Size of Data

Columbus · **Joined:** Sat Sep 13, 2014 2:26 am **Posts:** 18

Why is the smallest addressable data always 1 Byte or 8 Bits wide?
Why hasn't someone extended it to 16 Bits?
Wouldn't that reduce the size and/or complexity of some mechanics.
Maybe one could introduce a 32 bit wide "Byte" (smalles addressable unit).

What may be the reasons, and how do you think about it?

NickJohnson · **Posted:** Sat Jan 17, 2015 12:34 pm

Assuming we're talking about x86 here, you can do memory operations at 8 bit, 16 bit, 32 bit, 64 bit, and 128 bit (using SSE), often with arbitrary alignment. There's a difference between the smallest addressable unit of memory and the only addressable unit of memory.

Columbus · **Joined:** Sat Sep 13, 2014 2:26 am **Posts:** 18

But as far as I understand, the CPU loads values byte by byte. (Or am I mistaken?)
So wouldn't it be an improvement to extend its size?

AndrewBuckley · **Joined:** Thu Jan 29, 2009 9:13 am **Posts:** 95

memory operations are not limited to 8 bits wide, cpus are very optimized to allow loading a full 32 bit or 64 bit number from memory at once. a "Byte" was not always 8 bits, but now that we have 45 years worth of code that have assumed an 8 bit Byte, any change to this would break everything. Multi-Byte wide math operations have rules for every architecture that say how to efficiently use them, and the compiler is the one that maps your code to them.

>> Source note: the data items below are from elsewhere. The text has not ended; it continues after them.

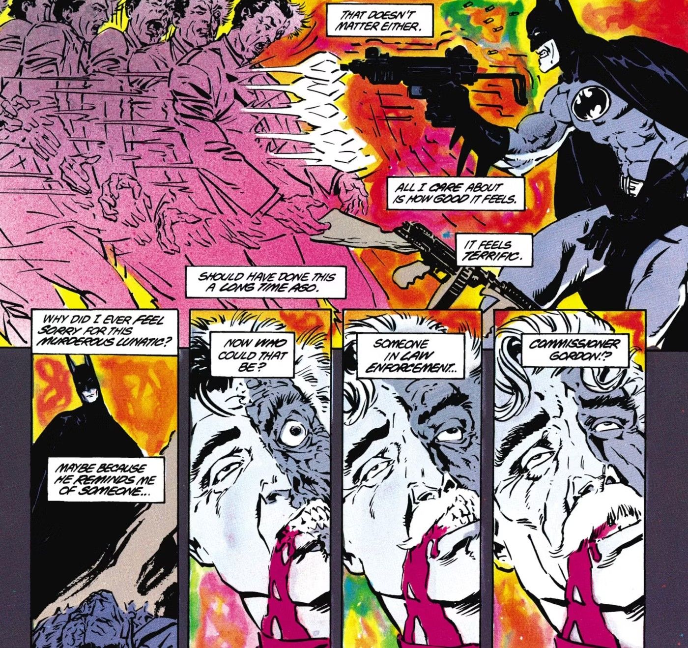El diácono Blackfire pasa días adoctrinando y drogando a Batman hasta que la mente de Bruce simplemente se rompe y se rinde a la voluntad de Blackfire. Debido a esto, Blackfire envía a Batman a lidiar con algunos mafiosos, y Batman lo hace con gusto. La parte más preocupante es que el monólogo interior de Batman describe lo bien que se siente finalmente soltarse y simplemente dispararle a la gente. Si bien es bien sabido que Batman quiere matar al Joker, los lectores casi nunca han visto al Caballero de la Noche no solo usar fuerza letal sino deleitarse absolutamente con ella.
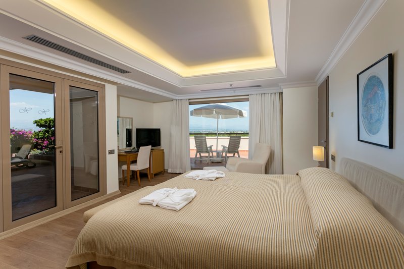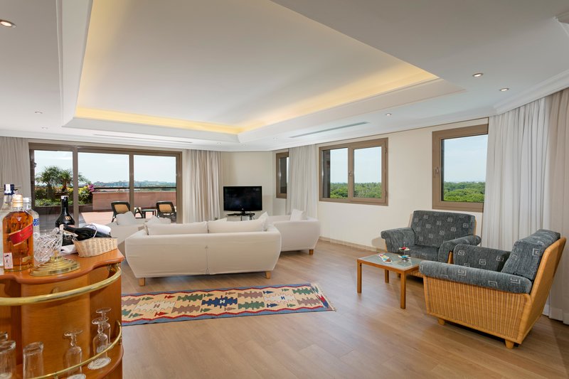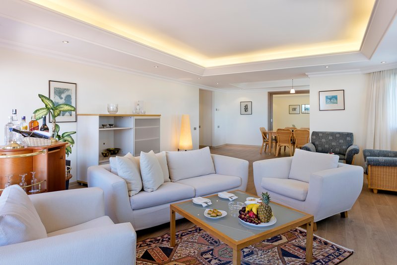 - Zimmerausstattung: Verbindungstüre, kombinierter Wohn-Schlaf-Raum, Wasserkocher, Telefon, Haartrockner, Minibar (inklusive), Zimmersafe (inklusive), Bademantel (inklusive), WLAN im Zimmer (inklusive), Fernseher (inklusive), Klimaanlage (inklusive, saisonal verfügbar)
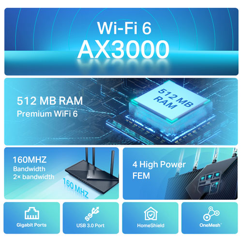 - Wi-Fi 6 (802.11ax) enabled router with speeds up to 3000 Mbps ensures smooth and fast connectivity for all your devices
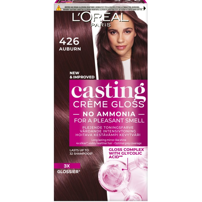 L'Oréal Paris Casting Crème Gloss är en semi-permanent hårfärg för alla hårtyper. Formuleringen är berikad med ett gloss-komplex berikad med glykolsyra**, ger ett resultat med optimal gråhårstäckning, 3x mer glans och 4x mer sammetslent hår*. Om du har långt eller tjockt hår kan två förpackningar behövas.
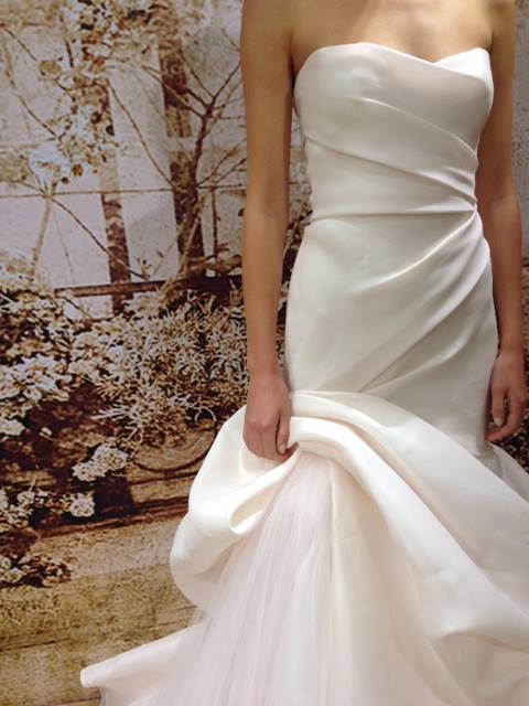 Notevoli anche gli abiti da sposa in Magnolia di seta, lisci o con drappeggi.

NickJohnson · **Posted:** Sat Jan 17, 2015 1:25 pm

Modern processors definitely don't load memory on a byte-by-byte basis; the reality is much more complex. At the very least, the smallest unit of data transfer between main memory and the last level of cache (L2 or L3) is the size of a last level cache line, which is (e.g. on Haswell) 64 *bytes* per line, or 512 bits. This ignores prefetching, unaligned accesses, and other latency-hiding mechanisms that might increase how much data is transferred.

So, in reality, the processor is not capable of doing single-byte transfers or even 128-bit transfers to/from memory. The real transfers are much larger.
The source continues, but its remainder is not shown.